Genome Biology | 2007
Samuel S. Gross; Chuong B. Do; Marina Sirota; Serafim Batzoglou
We describe CONTRAST, a gene predictor which directly incorporates information from multiple alignments rather than employing phylogenetic models. This is accomplished through the use of discriminative machine learning techniques, including a novel training algorithm.
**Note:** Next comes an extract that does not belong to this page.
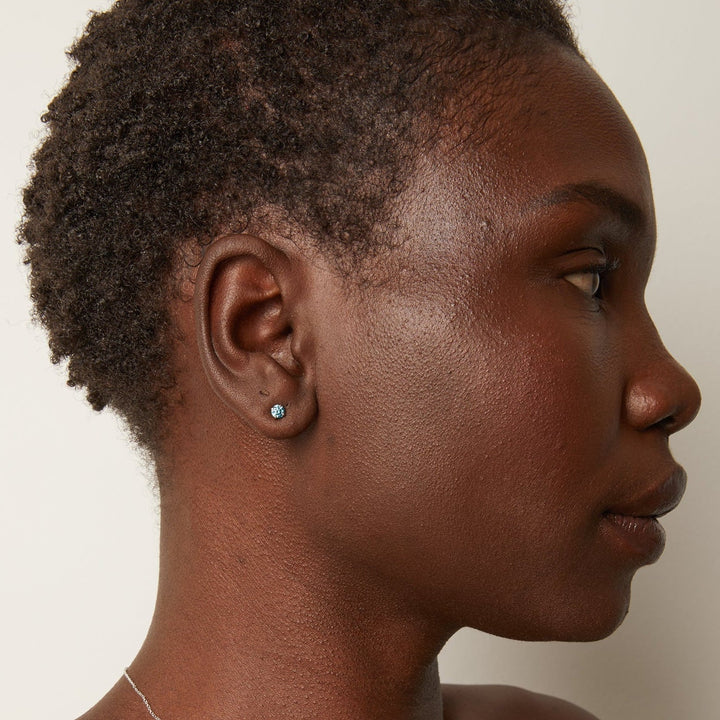 These Lab Grown Blue Diamond Solitaire Stud Earrings by Aurate in silver bring a refreshing burst of pastel sparkle to your everyday style. The serene hue and clean design make them perfect for stacking or solo shine.

We use a two-stage approach, in which a set of binary classifiers designed to recognize coding region boundaries is combined with a global model of gene structure. CONTRAST predicts exact coding region structures for 65% more human genes than the previous state-of-the-art method, misses 46% fewer exons and displays comparable gains in specificity.